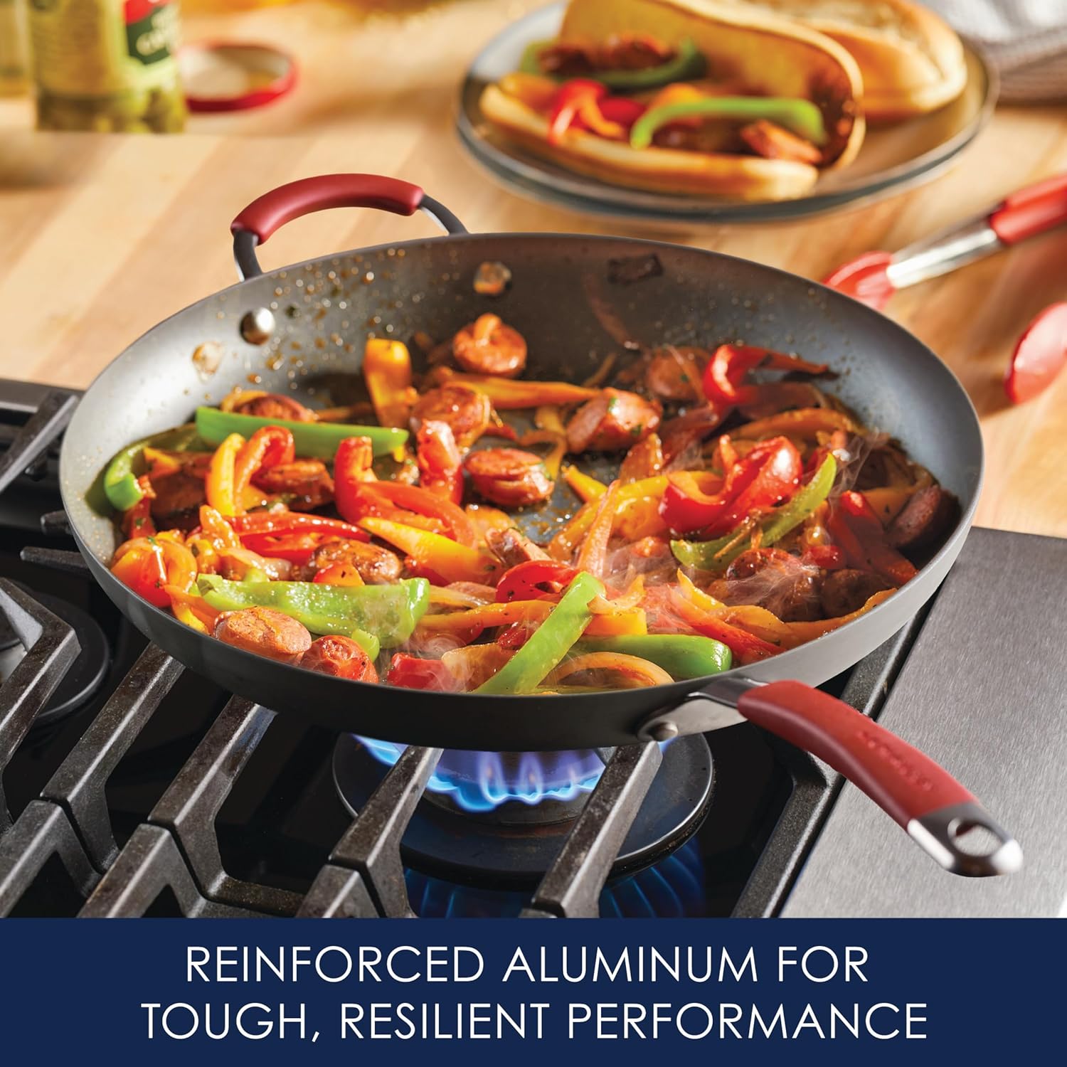 Rachael Ray 87631-T Cucina Hard Anodized Nonstick Skillet with Helper Handle, 14 Inch Frying Pan, Gray/Red
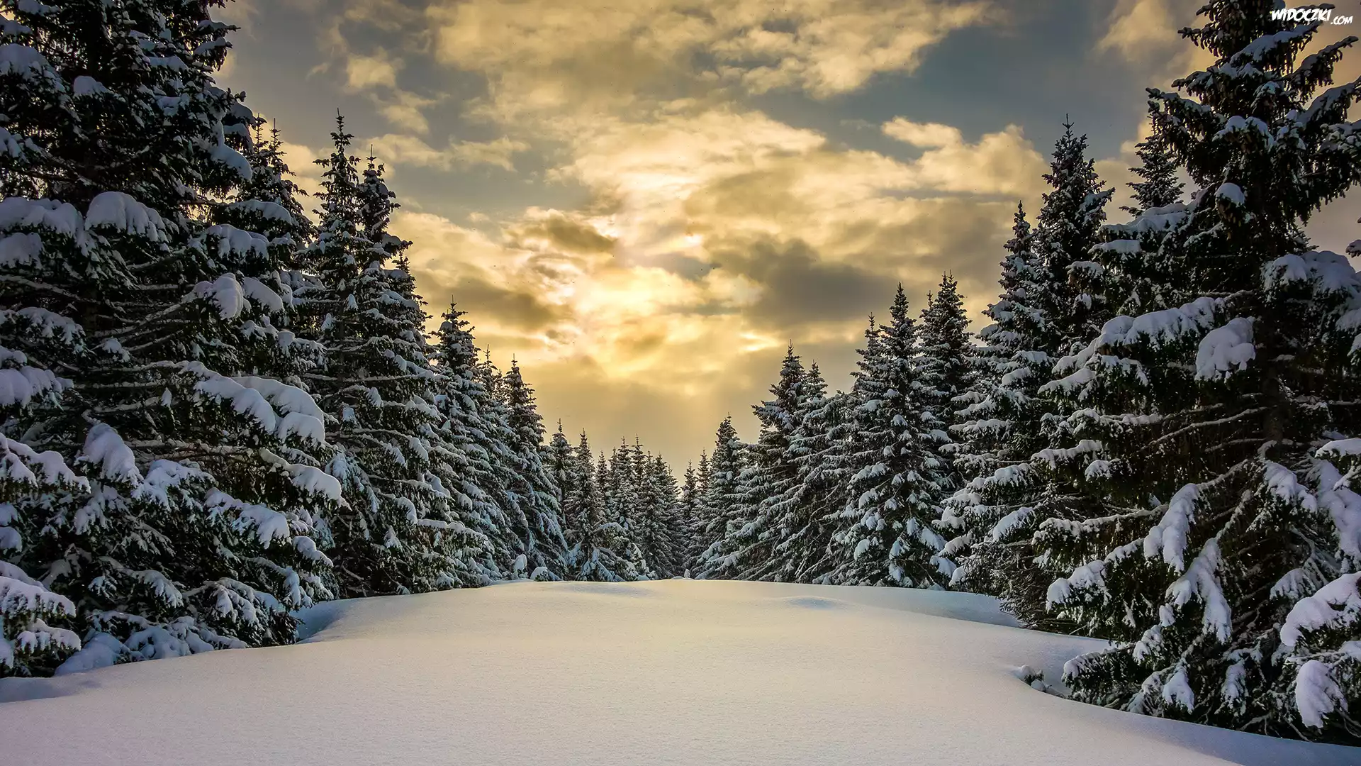 Zdjęcia, Zima, Las, Chmury, Wschód słońca
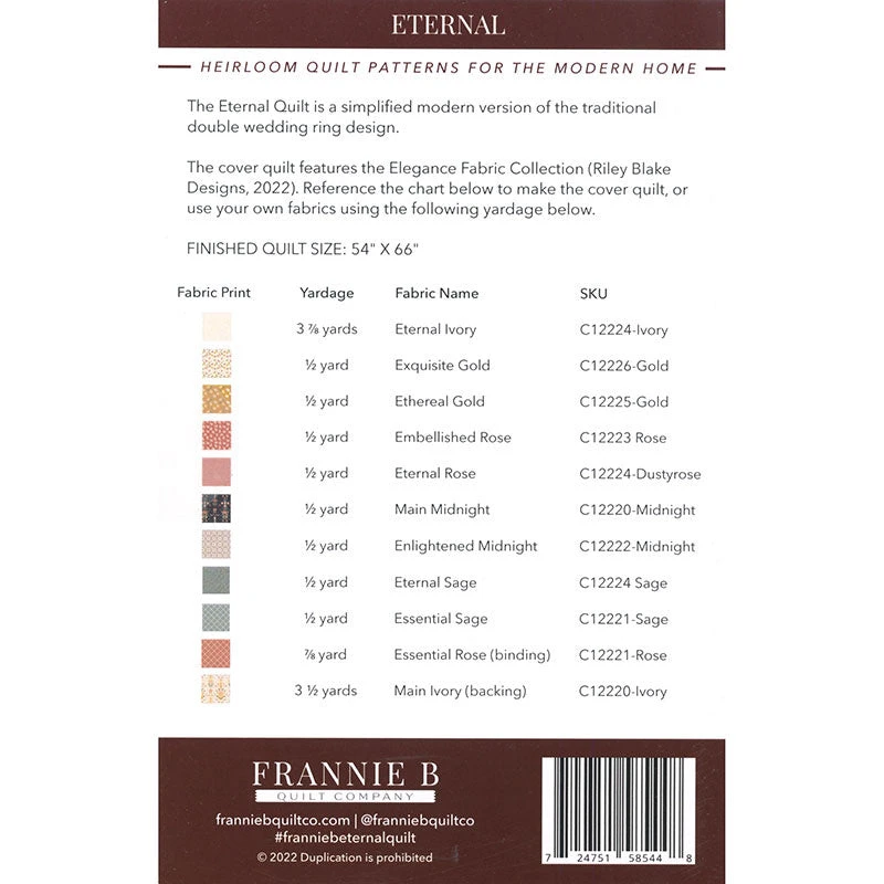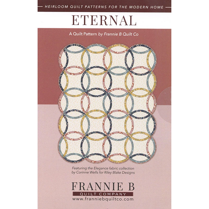 The Eternal Quilt is a straightforward double wedding ring quilt. Templates are included and instructions are simple. This is a perfect quilt for intermediate quilters.
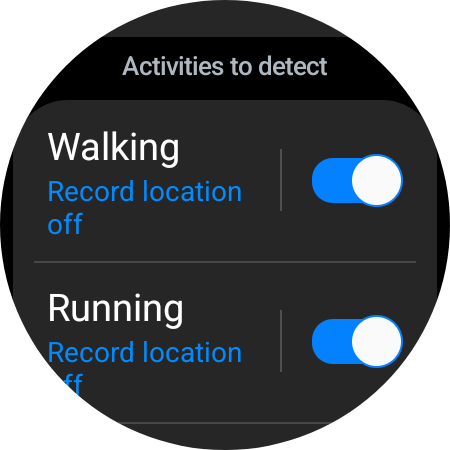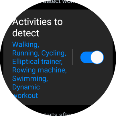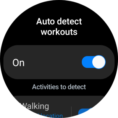 Lastly, you can enable the “Activities to detect” feature to make your Galaxy Watch automatically detect whenever you're starting an activity or workout. If you tap the “Activities to detect” option (not the ON/OFF toggle), you can enable or disable automatic detection for activities individually.
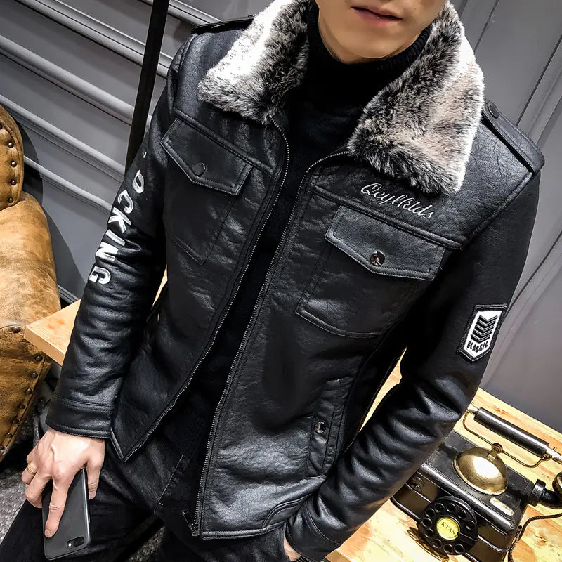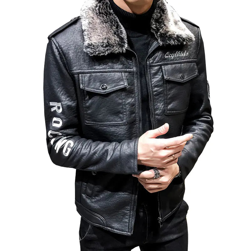 Elevate your style this autumn and winter with our latest trendy black leather jacket. This fashionable piece combines the rugged appeal of classic aviator jackets with the sophisticated touch of shearling wool collars, making it a must-have for any modern man's wardrobe.
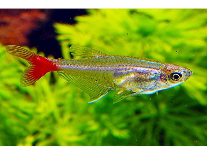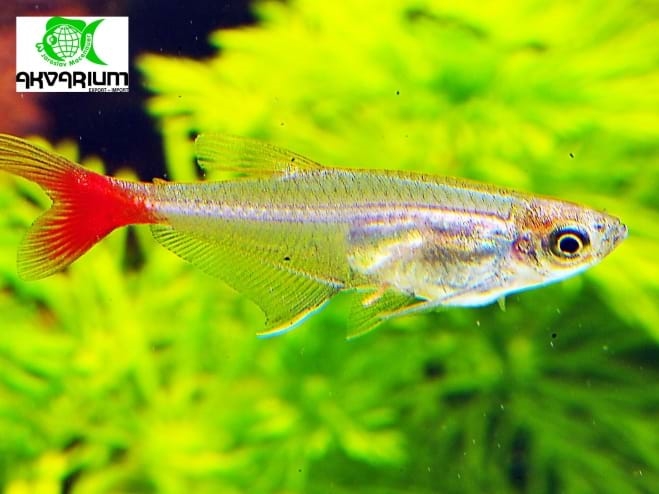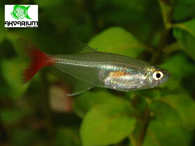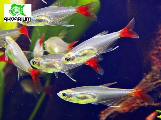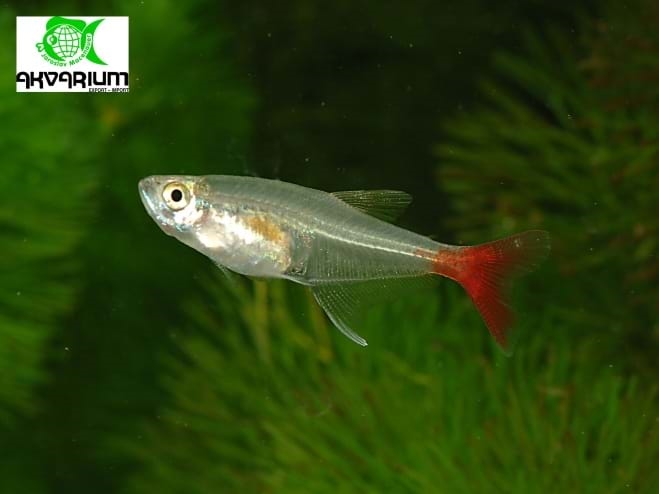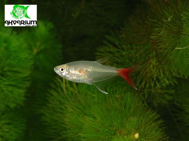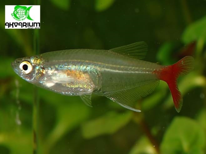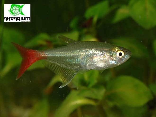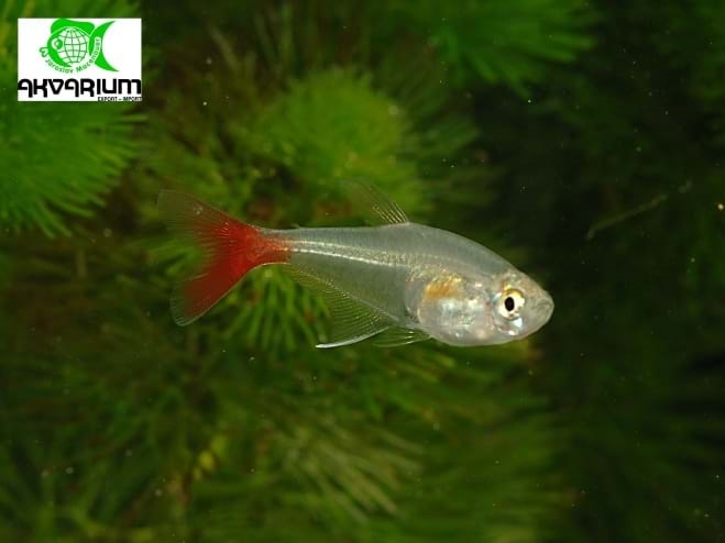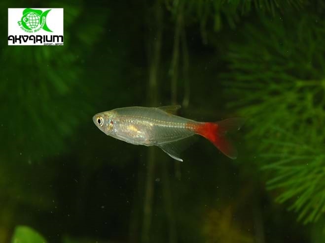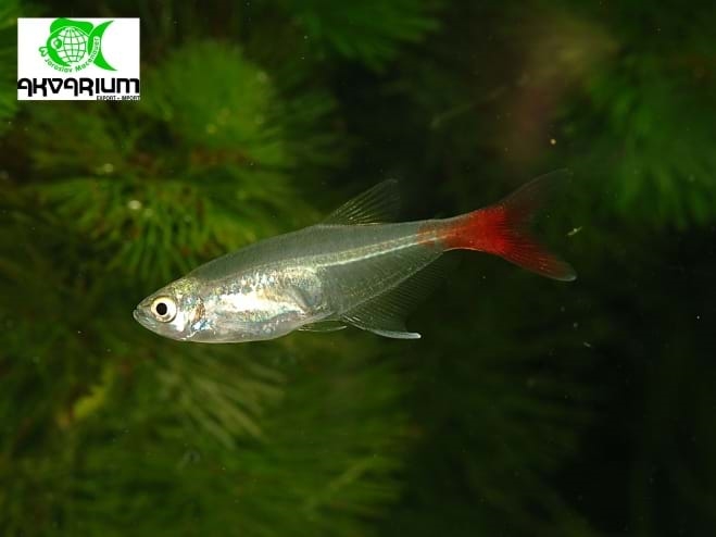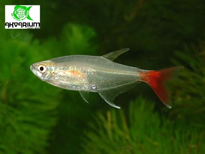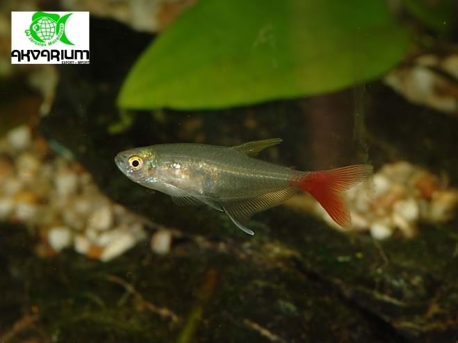 Podrobný popis: Její sklovitě průsvitné tělo je zbarveno žlutavě, šedavě až zelenavě, s nápadným bronzovým leskem na bocích. Ocasní násadec a celá hluboce vykrojená ocasní ploutev je jasně krvavě červená. Přední okraj řitní ploutve je srpovitý až vláknitě protažený, bíle lemovaný. K chovu i odchovu této nenáročné, velmi pěkné tetry vyhovuje středně tvrdá voda a alkalita do 5 °dKH.
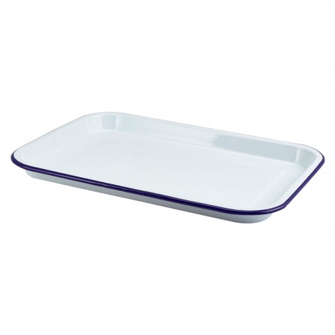 Serving Tray, 13-1/4"L x 9-1/4"W x 7/8"H, rectangular, dishwasher & oven safe, enamelware, white with blue rim, Genware London, GW Enamel (minimum = case quantity) (stock item) (6 each per case)
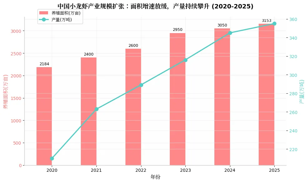 数据来源: 全国水产技术推广总站、中国水产学会《中国小龙虾产业发展报告(2025)》、农业农村部渔业渔政管理局、新华指数、中国水产流通与加工协会、潜江市小龙虾产业发展促进中心等。

→ **AIM OF THE EXERCISE**
Leave out any pictures and return exactly the lines from the beginning of the data through the line with "Lastly, you can", inclusive.

→ **ANSWER FOR THIS EXERCISE**
 Rachael Ray 87631-T Cucina Hard Anodized Nonstick Skillet with Helper Handle, 14 Inch Frying Pan, Gray/Red
 Zdjęcia, Zima, Las, Chmury, Wschód słońca
 The Eternal Quilt is a straightforward double wedding ring quilt. Templates are included and instructions are simple. This is a perfect quilt for intermediate quilters.
 Lastly, you can enable the “Activities to detect” feature to make your Galaxy Watch automatically detect whenever you're starting an activity or workout. If you tap the “Activities to detect” option (not the ON/OFF toggle), you can enable or disable automatic detection for activities individually.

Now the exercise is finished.